I never had a graduation ceremony, those don’t exist in most countries.

And I did go to several ceremonies where the person directing asked us to stand, put our hands over our hearts and recite the Pledge of Alliance. In none of them did anybody remark on the fact that I did not put my hand over my heart or say anything. If you’d read my whole post you would have seen that I do not think prayer should be part of graduation ceremonies in public schools - what I was objecting to was your saying that someone reciting a prayer “forces” others to pray. It doesn’t force anybody to pray.

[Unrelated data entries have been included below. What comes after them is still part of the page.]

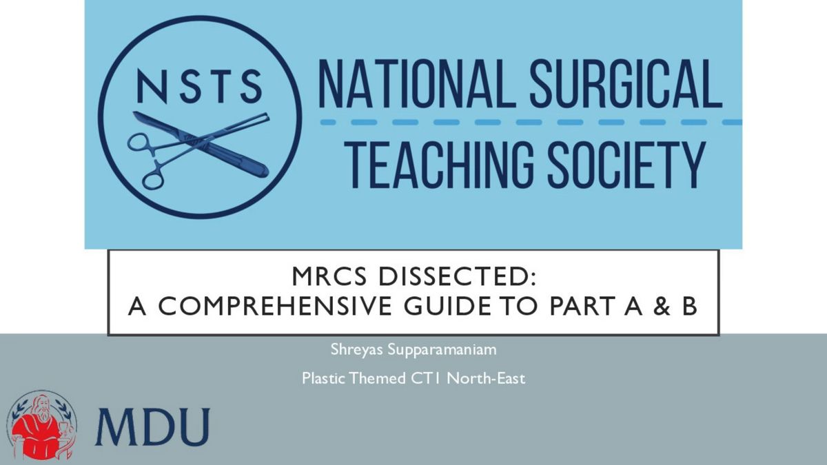 Hi, good evening everyone. Um Before I start, can I just get a couple of thumbs up just to make sure that everyone can hear me? All right, it popping on the chat? Yes. No, a one. Perfect. Thank you very much. So, welcome to the NST S MRC S Dissected Series. Uh I'm S, I'm one of the uh CT one co trainees currently based in the Northeast. Uh and, and I'm Plastic Esteed. So, the webinar series that we have organized is purely to focus on part A and part B exams. And thank you so much for joining us today uh for our first session. So what we'll be trying to aim to cover this evening is to focus on a couple of uh broad aspects of both parts of the exam. So for part A, you know, I'm just giving an insight and overview of how the exam uh examination is structured. Uh breakdown of the formats, a couple of high yield topics and revision strategies that I use for the exam. And same thing for part B sort of giving you an overview of the format, the types of stations that you might come across um and also a couple of, you know, recommended textbooks from the Royal College as well as a couple of uh colleagues that have already for the exam. And between these two sort of, you know, trying how uh we manage to balance clinical duties exam prep and towards the end, uh we can also have a bit of AQ and a uh that's a really good question, Khan. Um Jen, do you mind just recording as well? Uh Anyone in the chat who's not comfortable with recording with us, uh, recording this, just let us know and we'll try to sort of, uh, you know, act accordingly. So s before we sort of crack on, I just wanna get an insight as to, you know, the, um, the majority of you, which, uh which stage of training you're in. Are you a really enthusiastic medical student that's coming in just to get an idea as to how the MRC S exams are or if you are sort of, you know, uh foundation post CT. So thank you so much for your responses. Uh So, yeah, majority of your, uh, foundation training, uh which is perfect because that's when I decided to sit for the, uh part A as well. But nonetheless, everyone else, it's really good to sort of, you know, gain an idea as to how other people pass the exam. How do people normally tend to sort of revise and there's so many other resources out there and sometimes it can be slightly overwhelming. So what I decided to do is just try to, you know, cram it all in this one hour lecture. So I hope you find it useful. So, next question uh in terms of the uh journey itself, um I just wanna get an idea as to if you sat for part A already. Uh are you sitting for part B uh or you've not sat for any of them as of yet? So, so yeah, majority of you uh have not sat for part A. So that's perfect. Um Most of the talk is gonna be focused on part A with a bit of part B towards the end as well. So, excellent. So what's MRC S uh membership of the Royal College of Surgeons? Uh It's an examination to assess whether, you know, we have the knowledge, skills, claim of confidence and experience expected towards the end of course surgical training. Although it says at the end of course, surgical training, that doesn't mean you can't start early, which is, you know, uh a perfect time. Uh you know, now is the best time to sit for any exam. Uh as one of my consultants always says, so the exam MRC S in whole is split into two parts. You've got part A which is the theoretical aspect, which is your, you know, MC Qs and part B is the Os Ky similar to how we sit for our medical school. Exam where, you know, for one week you've got a couple of uh theory, theoretical papers and then the next week you've got your OS Cy uh so similar uh in that vein, to be honest. So this is uh really uh useful you can attempt as soon as you graduate from medical school for MRC S. And that's different to M RCP where you need at least one year of clinical experience. So that's something to keep in mind. But nonetheless, you can only attempt part B after you've passed part A. So it's a linear progression. Um So recommendation, um something that I did was I sat for part A during my foundation training. And right now in CST, I'm sitting for my part B exam. Um Again, a lot of people uh would suggest other um you know, some people say foundation is better. Some people say C SDI think in the end, it really, what really matters is finding a time where you are most comfortable and you have the most uh leeway to sort of dictate your time uh for revision. So there are four Royal Colleges of surgeons. Um So when I first, you know, decided to sit for Mr CSI, didn't know which college to you sit with, you know, whether one was better than the other. Um I couldn't really find any resources on, you know, uh on most of that. But in the end, it doesn't really matter which college you sit for, um, the whole idea of the four colleges is just for geo geographical sort of, uh, purposes if you are, you know, around Scotland or north of England, uh, it's easier to sit for Ed Edinburgh, Glasgow if you're more down south, you know, England and of course, Ireland on its own. So, the most important thing is it's an intercollegiate exam where any sort of with whi whichever college is set for the exam is gonna stay the same. So it doesn't really matter uh in terms of the uh content of the exam itself. So coming to the specialties um that require MRC S, uh there's a fair few uh as you can see on the board, I think a couple of things, a couple of caveats to this is the Ent uh MRC S exam uh previously used to be DAS part A and part B. Whereas now, recently it's become MRC S part A and DAS part B. So the part B for Ent is a separate exam uh which obviously has, you know, different requirements, more specialized in ent um speciality itself for emergency medicine. This is not something I realized until I was putting up this uh this lecture where for, if you're applying for emergency medicine, sitting for the MRC S gives you a couple of points. Uh But it's, I think one point compared to you actuall
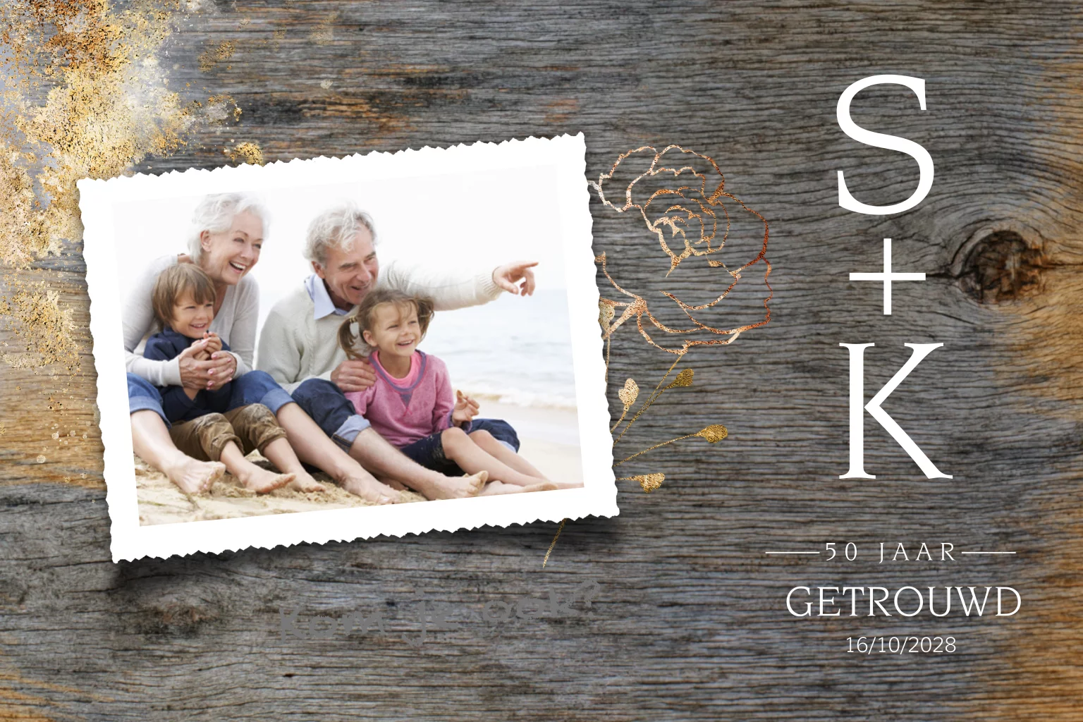 Stijlvolle uitnodiging voor jullie 50 jarig huwelijksjubileum. Ondergrond hout look. Versierd met fotokader voor jullie eigen foto, goudkleurige spetters en bloemen. (geen echt goud)
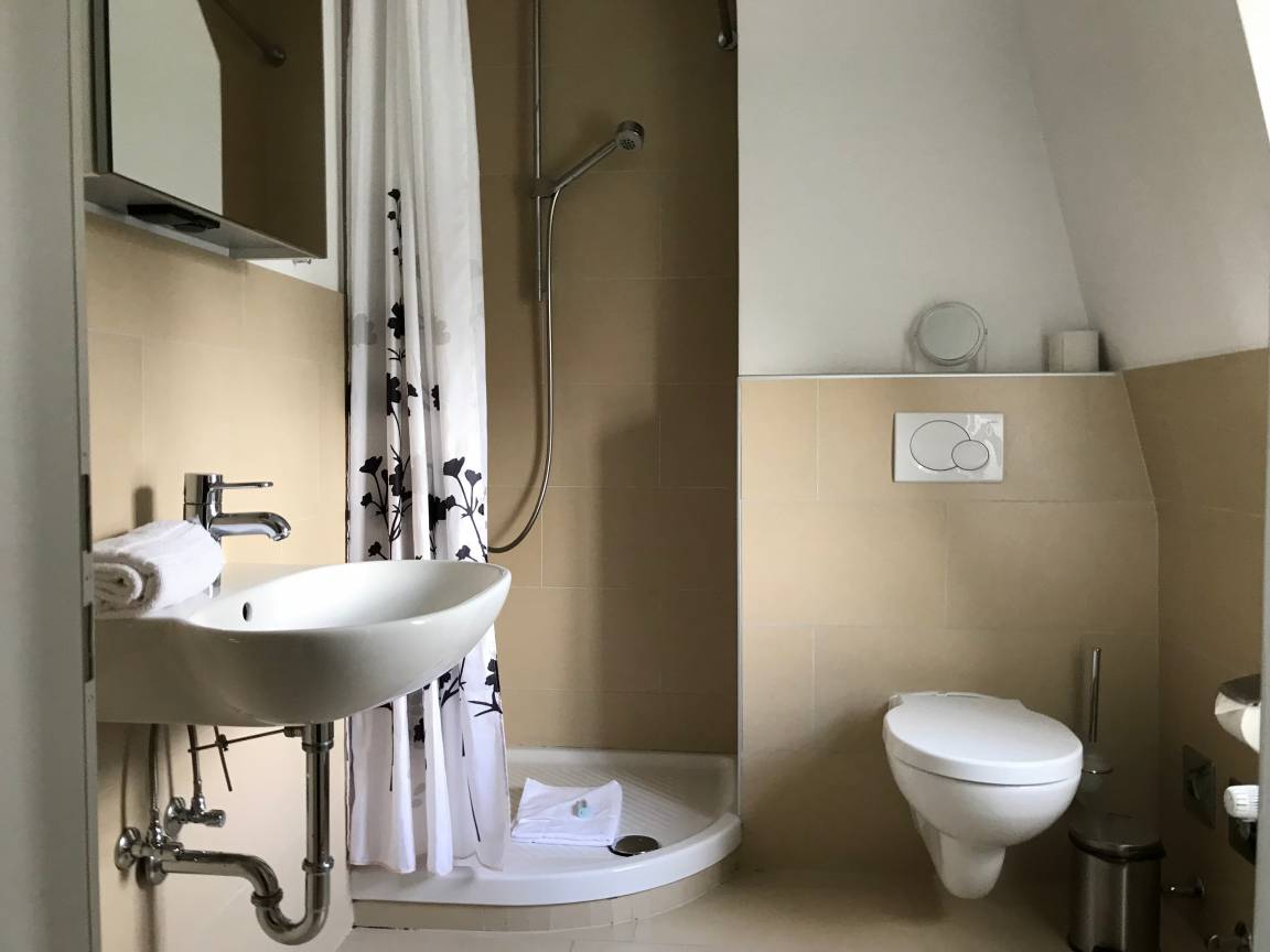„Sehr gute Matratzen im Schrankbett. Unbequeme Kopfkissen 80 x 80, knubbelige Füllung. Komfortabler wären für uns Ältere 40 x 80. Es läuft ausgesprochen viel Wasser in Dusche und Waschbecken, bevor es warm wird. Kosten und Umwelt.“
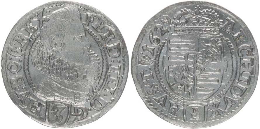3 Krejcar 1629 PH, Petr Hema, Nech.113, MKČ.1335a
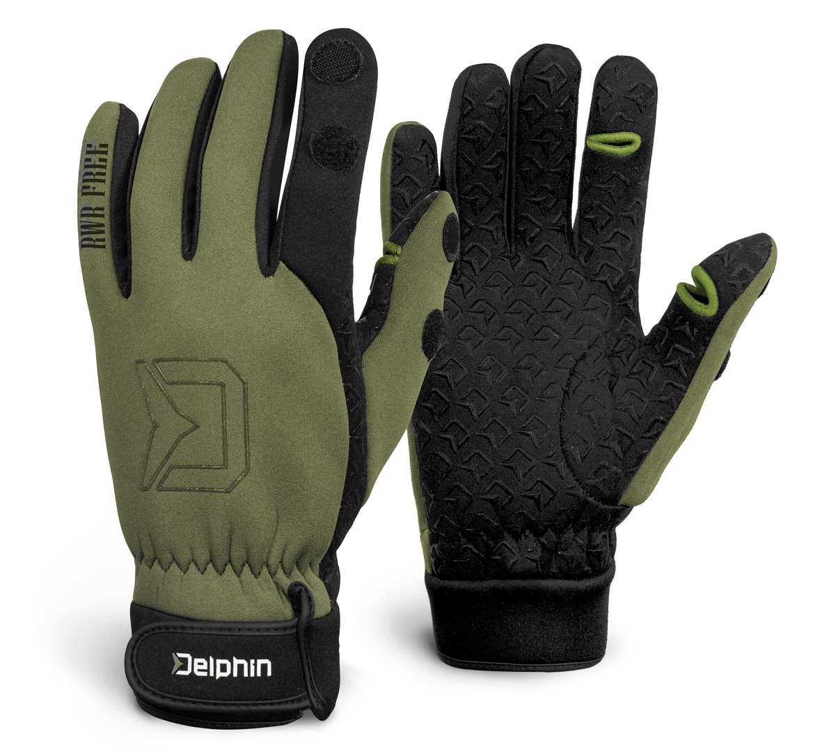 Neoprénové rukavice Delphin RWR Free udržia vaše ruky v teple aj v tých najchladnejších dňoch. Detailné spracovanie rukavíc, posúva level zimnej rybačky na úplne inú úroveň. Veľkým pozitívom je aj pogumovaná plocha na dlani, ktorá je vybavená protišmykovou, pogumovanou vrstvou s inovatívnym designom Delphin loga. Odnímateľné končeky na konci palca a ukazováku, s možnosťou uchytenia suchým zipsom, Vám uľahčia manipuláciu s drobnou bižutériou, či urýchlia úpravu montáže. Aby sa Vám do rukavíc nedostával chlad, či neželaná voda, ich utesnenie je tvorené všitou gumou a dodatočne prispôsobiteľné doťahovacím pásom so suchým zipsom. Farebná kombinácia zelenej a čiernej farby robí rukavice RWR Free dokonalého spoločníka na rybačku ale aj iné voľnočasové aktivity.
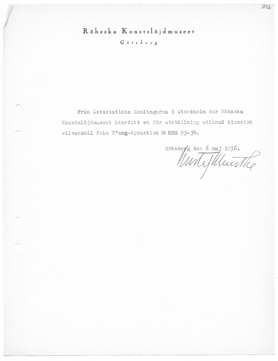 Omg Röhsska Konstslöjdmuseet Öserikers Från Östasiatiska Samlingarna 1 Stockholm har Röhsska Konstslöjämuseet återfått en för utställning utlånad kinesisk silverskål från T'ang-dynastien N2 REM 93-34. Göteboyg den 6 maj 1936. Umlifllatle
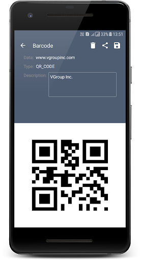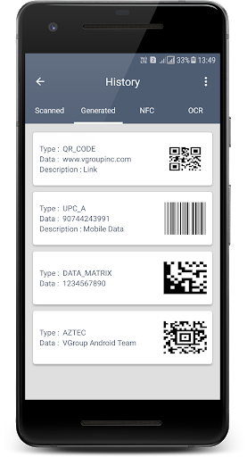 The scanned and generated barcodes can be shared as an image or in text format. The NFC and OCR data can be shared as text.
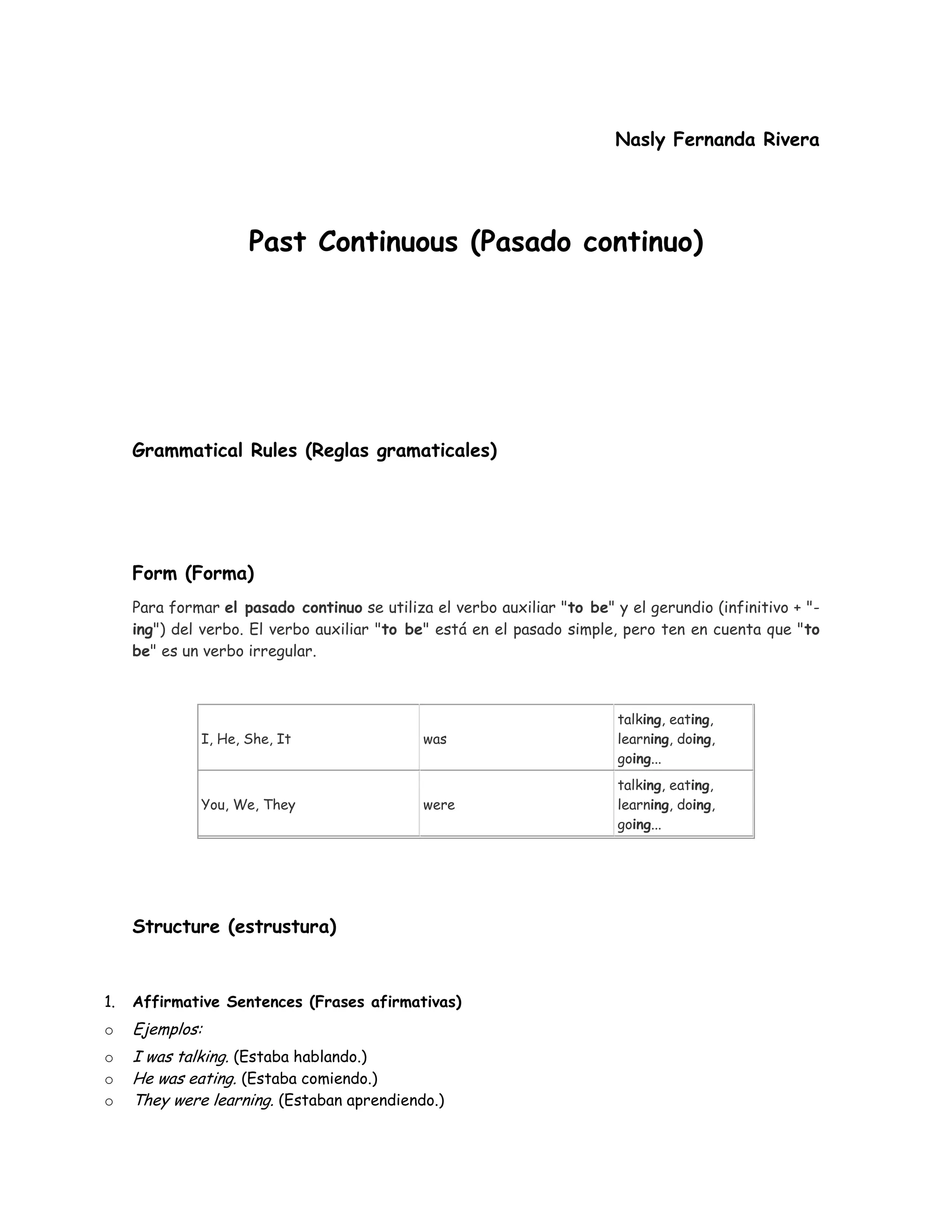 The document provides rules and examples for using the past continuous tense in English. It explains that the past continuous is formed using the past tense of "to be" plus the present participle ("-ing" form) of the main verb. It gives examples of affirmative, negative, and interrogative sentences in the past continuous. It also describes common uses of the past continuous, such as for interrupted or ongoing past actions, actions happening at a specific time in the past, and two simultaneous actions in the past. An exercise at the end provides additional examples of forming sentences in the past continuous tense.

It forces them to hear it, tops, not even to listen.

No doubt you can cite a few examples where public prayer was scheduled at a graduation ceremony in order to find out who the unbelievers are.

Regards,
Shodan

I think this thread is a better fit over in GD. Off it goes.

After consulting with Goddess Eris and my pineal gland, I’ve decided to move this thread to Great Debates.

It’s only rude and offensive to the non-Christians, who aren’t really deserving of respect anyway in a lot of people’s minds.

How could you recover money from the school system in a lawsuit? You don’t have any damages.

I’m sure that there are many athiests who would like to arrest the principal in this case, but I’m talking about a politician (sheriff, DA, governor, president) who would have the political will to do so.

Once more, nobody wants to “arrest the principal.” That is right wing, CPC fantasy. Atheists are not out to get you, son. You’ve been reading too many Chick comics.

Do you not understand civil law at all? You don’t have to suffer financial loss to be awarded monetary damages. Cash is just the legal system’s shorthand for the amount of injury suffered by the plaintiff.

Since we don’t go in for that “eye for an eye” stuff, we get paid off instead.